In this case, it is simply an administrative regularization, and if the members of IBUKA-Belgium approve the accounts of the association during their General Assembly on December 29, this procedure before the Court of business will be terminated.
« No dissension within IBUKA-Belgium but distinct sensitivities »
The President of the Court then asked for explanations as to any “dissent” which would exist among the members of IBUKA-Belgium and which could “give rise to discussions” on the accounts during the General Assembly. On this point, Maître Maingain explained that there was no “dissent” within IBUKA-Belgium, and that even if we could speak of “distinct sensitivities” among certain members, he was confident that the accounts presented were going to be approved during the General Assembly and that “everything was going to be fine“.
A decisive General Assembly
The General Assembly scheduled for December 29, 2021 should therefore be decisive for the future of the Association. Me Maingain also made a point of clarifying that several other shortcomings should be corrected, in particular with regard to the terms of office of directors having expired for several months, as well as the appointment of auditors who, until then, did not exist.
The fate of IBUKA-Belgium is therefore now in the hands of its members and no longer in the hands of a management team singled out for being the relay of the Rwandan Patriotic Front (RPF) in Belgium, as denounced by several observers. for many years.
Indeed, in March 2019, the LeVif’Express newspaper already spoke of a president “more in tune with the Rwandan Embassy in Brussels“[2]. Indeed, she does not hesitate to attack Paul Kagame’s political opponents or publicly defend the RPF’s record[3].
In 2011, the newspaper La Libre Belgique had referred to relations which “deteriorate between the power of Kigali and the survivors of the genocide” after 23 members of IBUKA in Europe and America, had written a letter to President Kagame, in order to ‘express “their concern about Kigali’s new policy towards Hutus in the diaspora.“[4]
But already in 2007, the then president of IBUKA-Belgium had denounced a “putsch aimed at illegally controlling the Board of Directors of IBUKA” operated by the relays of the Rwandan regime in Belgium which had pushed the leaders of IBUKA to take legal action in Belgium. Calls for violence against the then IBUKA-Belgium leadership team were also launched by members of the RPF, aimed at bringing the non-profit organization under the Rwandan Government’s supervision.[5].

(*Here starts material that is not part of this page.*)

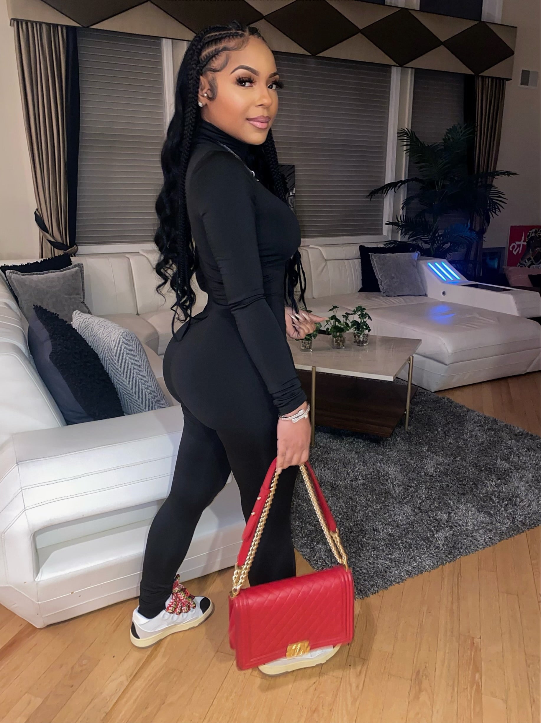 Long Sleeve, Turtleneck Sexy Bodycon Jumpsuit Stretchy, Tall girl friendly.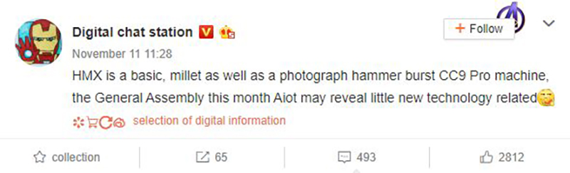 จอมหลุดในฝั่งประเทศจีนอย่าง @Digital Chat Station บน Weibo ระบุว่า Xiaomi กำลังพัฒนากล้องที่มีความสามารถมากกว่า Mi CC9 Pro อยู่ แต่เขาก็ยังไม่ได้เปิดเผยรายละเอียดอะไรออกมาเลยแม้แต่น้อย

A political problem despite everything
The administrative and financial concerns of IBUKA-Belgium will perhaps allow a fundamental debate on the political positioning of IBUKA, whether in Belgium or elsewhere. Moreover, since this year, a new association of survivors of the Tutsi genocide has emerged in Belgium and clearly shows itself as independent from the Government of Kigali (IGICUMBI, the Voice of the Survivors)[6].
Even if the Belgian branch of IBUKA manages to overcome its administrative, accounting, and financial troubles, the question that most interests Rwandans in Belgium is whether it will also free itself from the hold exerted on it by the Rwandan Patriotic Front (RPF) or if it will continue to be its ideological relay, at a time when the repression against the critical voices of the RPF is intensifying all over the world[7].
Gustave Mbonyumutwa
Jambonews
[1] https://www.lesoir.be/409482/article/2021-11-30/rwanda-lassociation-ibuka-devra-sexpliquer-devant-un-tribunal-belge, https://www.jambonews.net/actualites/20211129-ibuka-belgique-bientot-dissoute-par-la-justice-belge/, https://www.radiyoyacuvoa.com/a/ishirahamwe-ibuka-risabwa-gutanga-raporo-y-imyaka-itatu-iheze/6331822.html
[3] https://www.youtube.com/watch?v=O6tDZHI8sco&t=7144s
[5] Cfr the letter of May 23rd 2008 of the then President of IBUKA-Belgium, at the attention of Mister Bonesha, the then Ambassador if Rwanda in Belgium.